Uploading sequence data to NCBI

This step should only be attempted when one wishes to upload all of their data for public access. Generally we upload any working sample that had the minimum requirements to be included at some point in your study. For simplicity, we generally upload all of the RA RB files from the Downloading Illumina Data step.

You will also need your metadata file so as to enter information about every sample you sequenced (location, name, etc.). The following is a brief outline of what you need to do, basically leaving out many steps spelled out by the Submission portal you will be forced to follow.

  1. Create a log in username and password in NCBI (no cost)

Multiple ways of tackling the next steps:

  1. Register your project at the BioProject database https://www.ncbi.nlm.nih.gov/bioproject/

  2. Register your biological samples at the BioSample database https://www.ncbi.nlm.nih.gov/biosample/

OR

  1. Both (BioProject and BioSample) can be accomplished at the same time using the SRA wizard https://submit.ncbi.nlm.nih.gov/subs/sra/. Just follow the file format guidelines and submit what is asked for when it is asked for.

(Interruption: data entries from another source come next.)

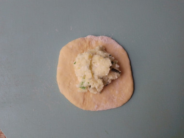 Подготовленное тесто разделите на кусочки. С каждого кусочка сформируйте лепешку, выложите начинку.
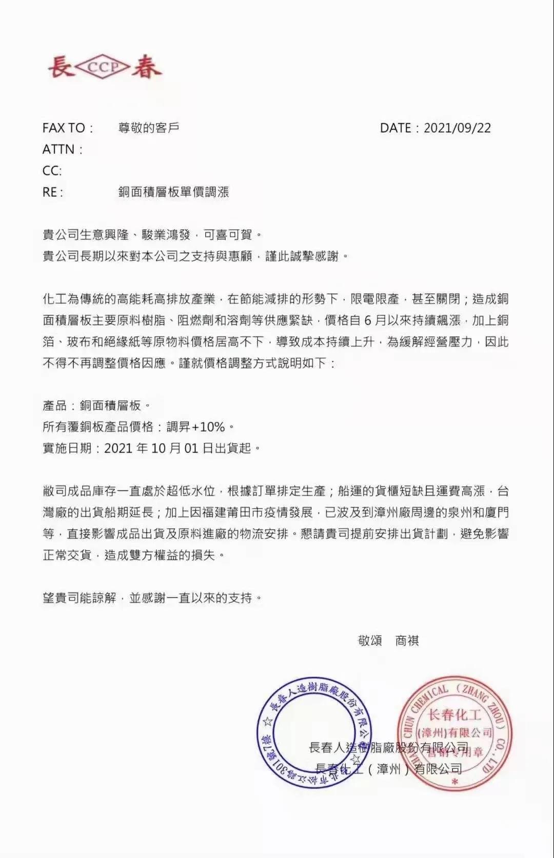 近日,據(jù)軟板廠了解,長(zhǎng)春發(fā)布銅面積層板單價(jià)調(diào)漲通知,從2021年10月1日起,所有覆銅板產(chǎn)品價(jià)格調(diào)升+10%;9月初,以建滔積層板為首的多家覆銅板廠商先后宣布調(diào)漲覆銅板價(jià)格,而早在8月份,生益科技也宣布調(diào)漲了覆銅板價(jià)格。新一輪的漲價(jià)誘因并不是需求驅(qū)動(dòng),而是原材料端價(jià)格不斷上漲所致。
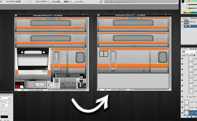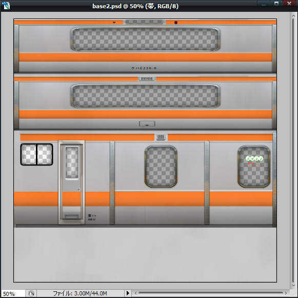 E231系の改造で作っているので、当然テクスチャを描き直さなければいけないのですが、
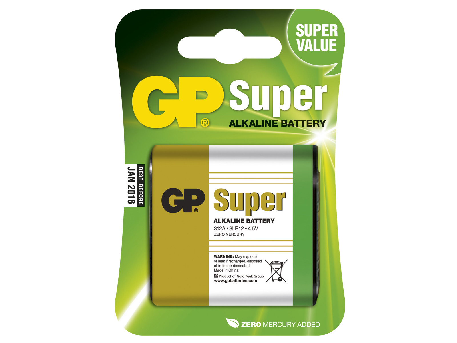 GP Super Alkaline 4,5V batteri – 312A/3LR12 (1-pak)
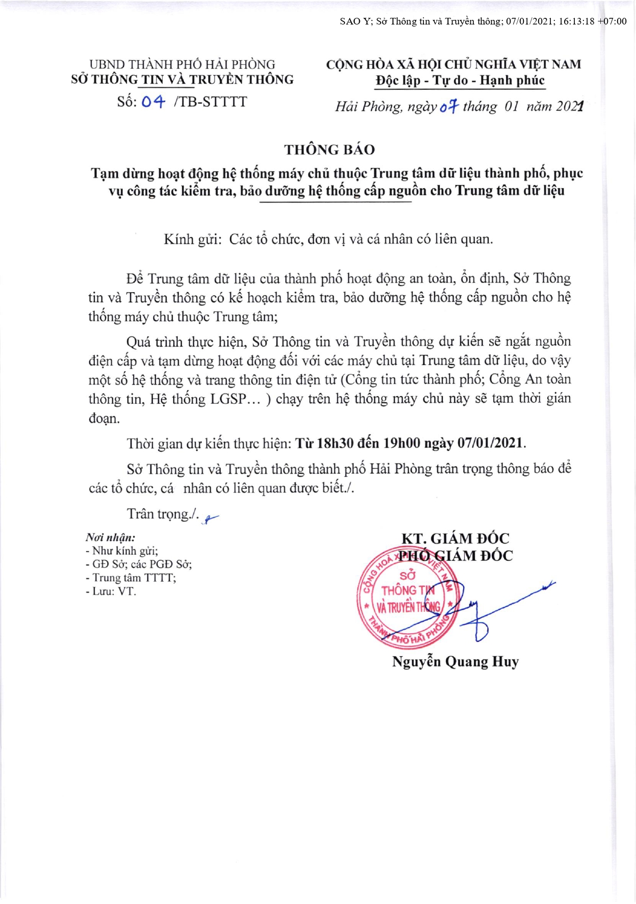 Để Trung tâm dữ liệu của thành phố hoạt động an toàn, ổn định, Sở Thông tin và Truyền thông vừa có Thông báo số 04/TB-STTTT ngày 07/01/2021 về việc tạm dừng hoạt động hệ thống máy chủ thuộc Trung tâm dữ liệu thành phố, phục vụ công tác kiểm tra, bảo dưỡng hệ thống cấp nguồn cho Trung tâm dữ liệu.
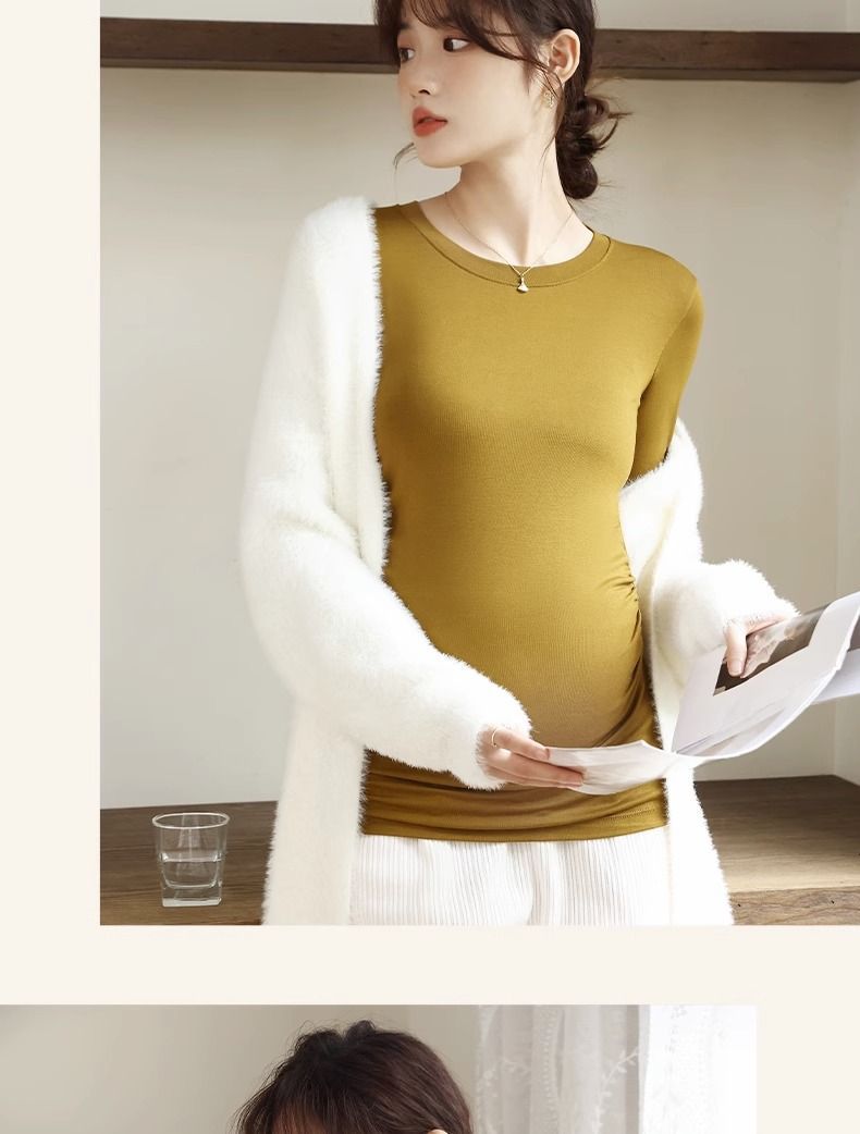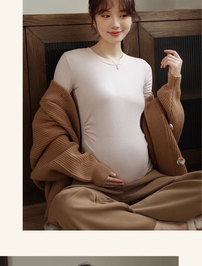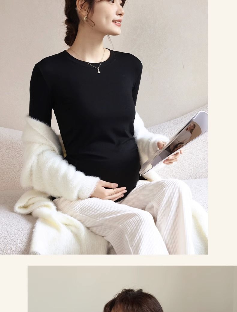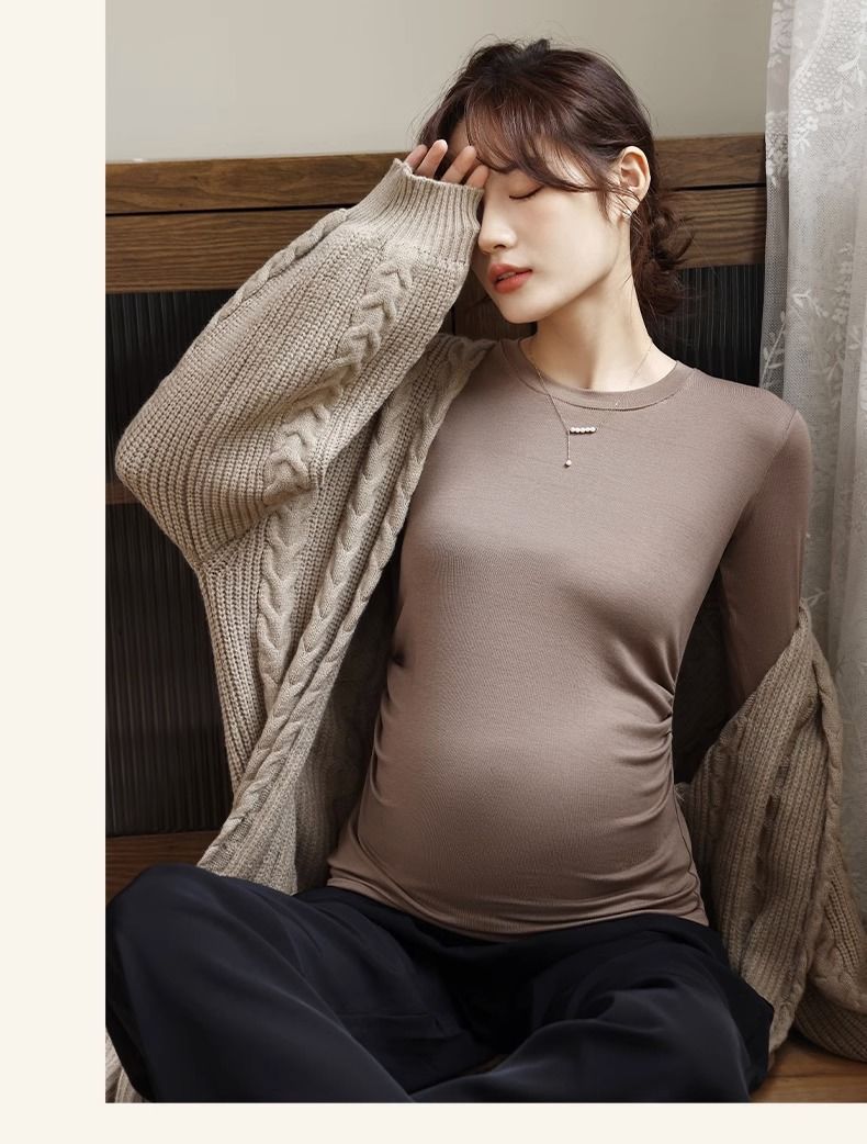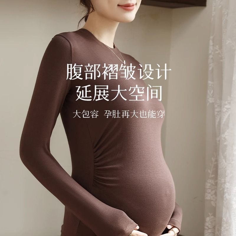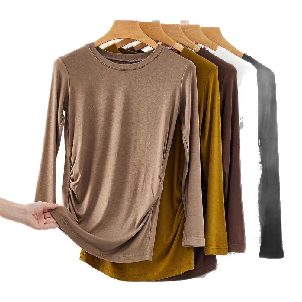 Материнская нижняя рубашка с круглым вырезом футболка Tt рубашка весна и осень Модаль носить модный сплошной цвет внутри осенняя одежда для беременных

Create your SRA data submission

  • submit your SRA metadata
  1. This will involve downloading their example file (mostly like in excel .csv) and replacing their data with your own.
  2. Two different files will be created: an attributes file and a metadata file
  3. These files allow information to be uploaded on each sample or sample run into NCBI so others who use them know about that sample or library prep/sequencer/etc.
  4. Make sure files are saved as .csv

The next step is the most difficult

Uploading your files to NCBI

Because these are generally memory intensive files and numerous, it is recommended you upload from the farm (or whatever) server rather than downloading from the server to your local computer and then trying to upload from there. But using ftp from the server does provide its challenges.

If you have more than 500 sequence files (this inclused RA and RB), you will need to do the following in stages, using the same project’s accession number (PRJNA#). Unless you have more than 500 individuals, the easiest thing might be to upload all of the RA files, then once completed, upload all of the RB files.

Again all of this is available on the NCBI wizard webpages and we highly recommend reading before attempting.

Also, we highly recommend putting all your files in a specific folder that is easy to find and ONLY contains the files you want to upload and then being in that file.

You only have 30 seconds to complete these tasks or you get kicked off ftp and have to start over so don’t mess around!

  1. From the terminal window (you must use -p for passive so you can ls once in)

ftp -p ftp-private.ncbi.nlm.nih.gov

  1. You will be prompted to enter the username and password shown in the wizard (you may have to click on ftp to get them). Copy and paste.

  2. You should make a directory once in (like RA for example)

  3. cd into that directory

  4. Type prompt once in that directory

  5. Type mput * which should upload all files in that directory

A successful upload should result in an email and when you are online in NCBI. Results might take a few hours to a few days.